====== Material for this task

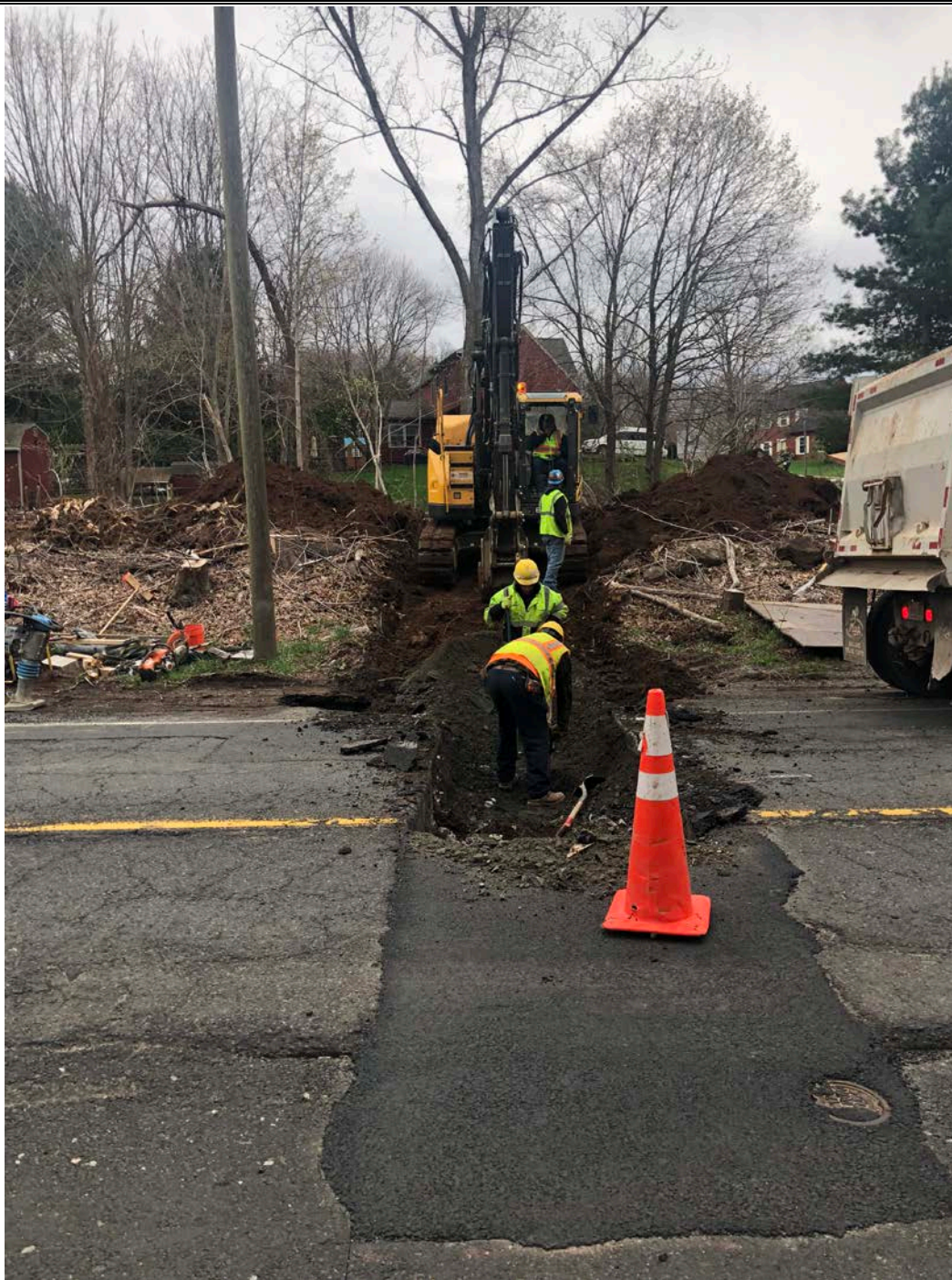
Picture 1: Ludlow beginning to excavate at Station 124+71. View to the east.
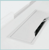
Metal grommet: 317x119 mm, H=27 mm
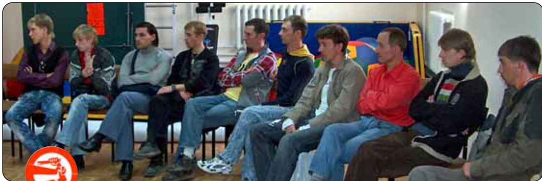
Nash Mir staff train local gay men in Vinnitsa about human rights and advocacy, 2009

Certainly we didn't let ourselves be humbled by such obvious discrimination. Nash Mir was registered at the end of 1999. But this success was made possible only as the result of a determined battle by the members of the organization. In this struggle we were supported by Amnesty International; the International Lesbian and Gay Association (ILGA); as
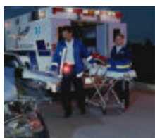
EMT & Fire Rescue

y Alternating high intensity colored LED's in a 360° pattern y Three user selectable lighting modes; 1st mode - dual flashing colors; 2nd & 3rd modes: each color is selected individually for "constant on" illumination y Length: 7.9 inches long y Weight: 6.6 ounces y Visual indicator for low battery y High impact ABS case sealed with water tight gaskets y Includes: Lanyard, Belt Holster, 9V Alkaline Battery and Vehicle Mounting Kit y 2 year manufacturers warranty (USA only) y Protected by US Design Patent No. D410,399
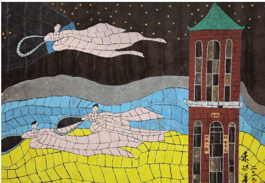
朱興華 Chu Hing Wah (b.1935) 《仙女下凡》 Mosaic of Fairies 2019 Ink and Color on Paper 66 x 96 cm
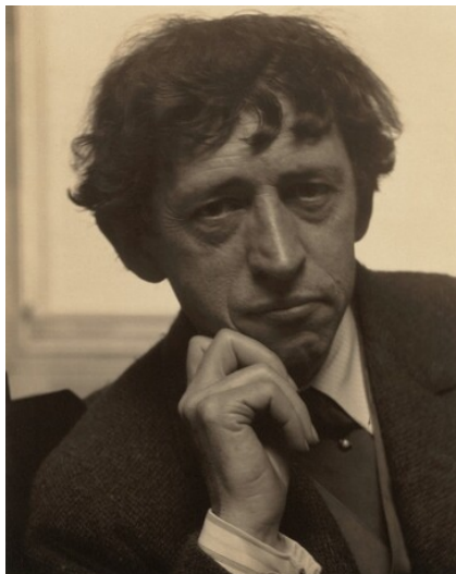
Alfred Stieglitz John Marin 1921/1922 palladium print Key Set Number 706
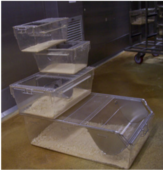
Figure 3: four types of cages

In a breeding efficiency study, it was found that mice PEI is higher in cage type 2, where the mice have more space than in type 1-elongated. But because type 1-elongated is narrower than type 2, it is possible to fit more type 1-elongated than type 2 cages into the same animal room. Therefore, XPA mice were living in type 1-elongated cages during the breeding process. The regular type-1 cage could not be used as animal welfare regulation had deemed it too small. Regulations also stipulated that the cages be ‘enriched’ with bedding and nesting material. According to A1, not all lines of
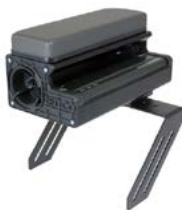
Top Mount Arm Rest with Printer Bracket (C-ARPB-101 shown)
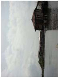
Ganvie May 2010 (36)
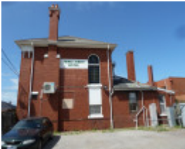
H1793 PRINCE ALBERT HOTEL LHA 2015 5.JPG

============

→ Activity
If a line in the data contains the string "Nash", count it, then give the total and nothing else.

→ The answer
2